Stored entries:
════════════════

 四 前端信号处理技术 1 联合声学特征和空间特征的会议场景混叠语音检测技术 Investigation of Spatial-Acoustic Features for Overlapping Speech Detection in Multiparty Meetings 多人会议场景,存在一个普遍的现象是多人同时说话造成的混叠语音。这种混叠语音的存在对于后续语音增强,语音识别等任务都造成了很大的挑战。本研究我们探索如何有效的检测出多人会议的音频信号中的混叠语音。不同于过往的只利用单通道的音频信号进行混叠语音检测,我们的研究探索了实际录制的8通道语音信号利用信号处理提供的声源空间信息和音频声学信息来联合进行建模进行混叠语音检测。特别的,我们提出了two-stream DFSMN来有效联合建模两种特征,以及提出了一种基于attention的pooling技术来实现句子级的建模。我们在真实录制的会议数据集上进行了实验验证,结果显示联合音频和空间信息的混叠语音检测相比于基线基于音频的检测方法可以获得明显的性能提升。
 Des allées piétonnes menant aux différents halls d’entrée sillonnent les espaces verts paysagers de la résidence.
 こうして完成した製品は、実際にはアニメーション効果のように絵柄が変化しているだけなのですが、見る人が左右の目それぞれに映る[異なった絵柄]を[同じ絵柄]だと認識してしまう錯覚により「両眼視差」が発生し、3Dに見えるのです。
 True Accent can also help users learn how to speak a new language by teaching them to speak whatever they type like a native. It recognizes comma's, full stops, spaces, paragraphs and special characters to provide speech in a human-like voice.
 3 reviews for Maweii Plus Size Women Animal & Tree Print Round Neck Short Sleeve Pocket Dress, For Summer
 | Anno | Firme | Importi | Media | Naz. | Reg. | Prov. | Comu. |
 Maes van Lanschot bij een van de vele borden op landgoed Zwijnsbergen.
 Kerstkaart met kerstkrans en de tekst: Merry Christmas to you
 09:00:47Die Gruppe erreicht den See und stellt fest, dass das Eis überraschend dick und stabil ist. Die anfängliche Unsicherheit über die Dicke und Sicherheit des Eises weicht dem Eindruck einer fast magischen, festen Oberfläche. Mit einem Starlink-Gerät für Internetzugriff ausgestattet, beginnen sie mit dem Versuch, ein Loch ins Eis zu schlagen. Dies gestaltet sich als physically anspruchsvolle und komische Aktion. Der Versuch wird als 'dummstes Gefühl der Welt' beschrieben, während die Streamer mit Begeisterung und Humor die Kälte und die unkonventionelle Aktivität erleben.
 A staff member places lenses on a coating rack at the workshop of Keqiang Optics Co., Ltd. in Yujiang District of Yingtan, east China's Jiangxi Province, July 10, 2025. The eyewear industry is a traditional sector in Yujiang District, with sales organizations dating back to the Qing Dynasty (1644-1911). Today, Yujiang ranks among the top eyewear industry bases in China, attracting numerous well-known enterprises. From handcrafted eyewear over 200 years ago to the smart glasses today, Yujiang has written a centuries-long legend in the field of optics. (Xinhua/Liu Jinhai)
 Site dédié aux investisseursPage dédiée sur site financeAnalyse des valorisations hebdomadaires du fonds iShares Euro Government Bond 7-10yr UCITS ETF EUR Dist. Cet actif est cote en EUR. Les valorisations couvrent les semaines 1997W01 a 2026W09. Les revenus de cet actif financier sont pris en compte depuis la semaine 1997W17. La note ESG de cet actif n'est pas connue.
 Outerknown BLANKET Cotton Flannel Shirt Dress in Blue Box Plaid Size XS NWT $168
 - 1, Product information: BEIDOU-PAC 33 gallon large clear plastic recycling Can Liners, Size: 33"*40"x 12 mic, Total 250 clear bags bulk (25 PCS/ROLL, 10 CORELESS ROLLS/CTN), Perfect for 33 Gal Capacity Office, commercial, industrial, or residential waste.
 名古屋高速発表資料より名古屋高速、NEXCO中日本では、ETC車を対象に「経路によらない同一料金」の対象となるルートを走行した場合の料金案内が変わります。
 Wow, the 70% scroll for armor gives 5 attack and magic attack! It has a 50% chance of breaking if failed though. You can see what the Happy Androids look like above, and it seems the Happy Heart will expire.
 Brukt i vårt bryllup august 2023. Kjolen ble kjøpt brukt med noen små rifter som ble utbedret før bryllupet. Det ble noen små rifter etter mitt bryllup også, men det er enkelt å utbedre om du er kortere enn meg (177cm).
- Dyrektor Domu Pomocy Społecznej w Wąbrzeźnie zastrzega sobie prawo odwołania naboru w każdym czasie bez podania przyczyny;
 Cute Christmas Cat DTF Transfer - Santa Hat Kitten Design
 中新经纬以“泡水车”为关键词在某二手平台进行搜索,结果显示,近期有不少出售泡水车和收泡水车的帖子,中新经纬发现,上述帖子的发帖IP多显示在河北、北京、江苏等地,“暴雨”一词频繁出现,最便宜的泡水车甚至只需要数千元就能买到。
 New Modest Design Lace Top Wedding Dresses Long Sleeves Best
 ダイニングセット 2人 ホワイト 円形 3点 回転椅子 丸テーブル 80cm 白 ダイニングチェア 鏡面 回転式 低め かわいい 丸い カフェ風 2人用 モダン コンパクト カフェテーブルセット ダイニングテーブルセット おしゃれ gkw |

════════════════

* Task instructions *
Each line of the data above should appear again in your answer, exactly as given.

* Solution to the problem *
 四 前端信号处理技术 1 联合声学特征和空间特征的会议场景混叠语音检测技术 Investigation of Spatial-Acoustic Features for Overlapping Speech Detection in Multiparty Meetings 多人会议场景,存在一个普遍的现象是多人同时说话造成的混叠语音。这种混叠语音的存在对于后续语音增强,语音识别等任务都造成了很大的挑战。本研究我们探索如何有效的检测出多人会议的音频信号中的混叠语音。不同于过往的只利用单通道的音频信号进行混叠语音检测,我们的研究探索了实际录制的8通道语音信号利用信号处理提供的声源空间信息和音频声学信息来联合进行建模进行混叠语音检测。特别的,我们提出了two-stream DFSMN来有效联合建模两种特征,以及提出了一种基于attention的pooling技术来实现句子级的建模。我们在真实录制的会议数据集上进行了实验验证,结果显示联合音频和空间信息的混叠语音检测相比于基线基于音频的检测方法可以获得明显的性能提升。
 Des allées piétonnes menant aux différents halls d’entrée sillonnent les espaces verts paysagers de la résidence.
 こうして完成した製品は、実際にはアニメーション効果のように絵柄が変化しているだけなのですが、見る人が左右の目それぞれに映る[異なった絵柄]を[同じ絵柄]だと認識してしまう錯覚により「両眼視差」が発生し、3Dに見えるのです。
 True Accent can also help users learn how to speak a new language by teaching them to speak whatever they type like a native. It recognizes comma's, full stops, spaces, paragraphs and special characters to provide speech in a human-like voice.
 3 reviews for Maweii Plus Size Women Animal & Tree Print Round Neck Short Sleeve Pocket Dress, For Summer
 | Anno | Firme | Importi | Media | Naz. | Reg. | Prov. | Comu. |
 Maes van Lanschot bij een van de vele borden op landgoed Zwijnsbergen.
 Kerstkaart met kerstkrans en de tekst: Merry Christmas to you
 09:00:47Die Gruppe erreicht den See und stellt fest, dass das Eis überraschend dick und stabil ist. Die anfängliche Unsicherheit über die Dicke und Sicherheit des Eises weicht dem Eindruck einer fast magischen, festen Oberfläche. Mit einem Starlink-Gerät für Internetzugriff ausgestattet, beginnen sie mit dem Versuch, ein Loch ins Eis zu schlagen. Dies gestaltet sich als physically anspruchsvolle und komische Aktion. Der Versuch wird als 'dummstes Gefühl der Welt' beschrieben, während die Streamer mit Begeisterung und Humor die Kälte und die unkonventionelle Aktivität erleben.
 A staff member places lenses on a coating rack at the workshop of Keqiang Optics Co., Ltd. in Yujiang District of Yingtan, east China's Jiangxi Province, July 10, 2025. The eyewear industry is a traditional sector in Yujiang District, with sales organizations dating back to the Qing Dynasty (1644-1911). Today, Yujiang ranks among the top eyewear industry bases in China, attracting numerous well-known enterprises. From handcrafted eyewear over 200 years ago to the smart glasses today, Yujiang has written a centuries-long legend in the field of optics. (Xinhua/Liu Jinhai)
 Site dédié aux investisseursPage dédiée sur site financeAnalyse des valorisations hebdomadaires du fonds iShares Euro Government Bond 7-10yr UCITS ETF EUR Dist. Cet actif est cote en EUR. Les valorisations couvrent les semaines 1997W01 a 2026W09. Les revenus de cet actif financier sont pris en compte depuis la semaine 1997W17. La note ESG de cet actif n'est pas connue.
 Outerknown BLANKET Cotton Flannel Shirt Dress in Blue Box Plaid Size XS NWT $168
 - 1, Product information: BEIDOU-PAC 33 gallon large clear plastic recycling Can Liners, Size: 33"*40"x 12 mic, Total 250 clear bags bulk (25 PCS/ROLL, 10 CORELESS ROLLS/CTN), Perfect for 33 Gal Capacity Office, commercial, industrial, or residential waste.
 名古屋高速発表資料より名古屋高速、NEXCO中日本では、ETC車を対象に「経路によらない同一料金」の対象となるルートを走行した場合の料金案内が変わります。
 Wow, the 70% scroll for armor gives 5 attack and magic attack! It has a 50% chance of breaking if failed though. You can see what the Happy Androids look like above, and it seems the Happy Heart will expire.
 Brukt i vårt bryllup august 2023. Kjolen ble kjøpt brukt med noen små rifter som ble utbedret før bryllupet. Det ble noen små rifter etter mitt bryllup også, men det er enkelt å utbedre om du er kortere enn meg (177cm).
- Dyrektor Domu Pomocy Społecznej w Wąbrzeźnie zastrzega sobie prawo odwołania naboru w każdym czasie bez podania przyczyny;
 Cute Christmas Cat DTF Transfer - Santa Hat Kitten Design
 中新经纬以“泡水车”为关键词在某二手平台进行搜索,结果显示,近期有不少出售泡水车和收泡水车的帖子,中新经纬发现,上述帖子的发帖IP多显示在河北、北京、江苏等地,“暴雨”一词频繁出现,最便宜的泡水车甚至只需要数千元就能买到。
 New Modest Design Lace Top Wedding Dresses Long Sleeves Best
 ダイニングセット 2人 ホワイト 円形 3点 回転椅子 丸テーブル 80cm 白 ダイニングチェア 鏡面 回転式 低め かわいい 丸い カフェ風 2人用 モダン コンパクト カフェテーブルセット ダイニングテーブルセット おしゃれ gkw |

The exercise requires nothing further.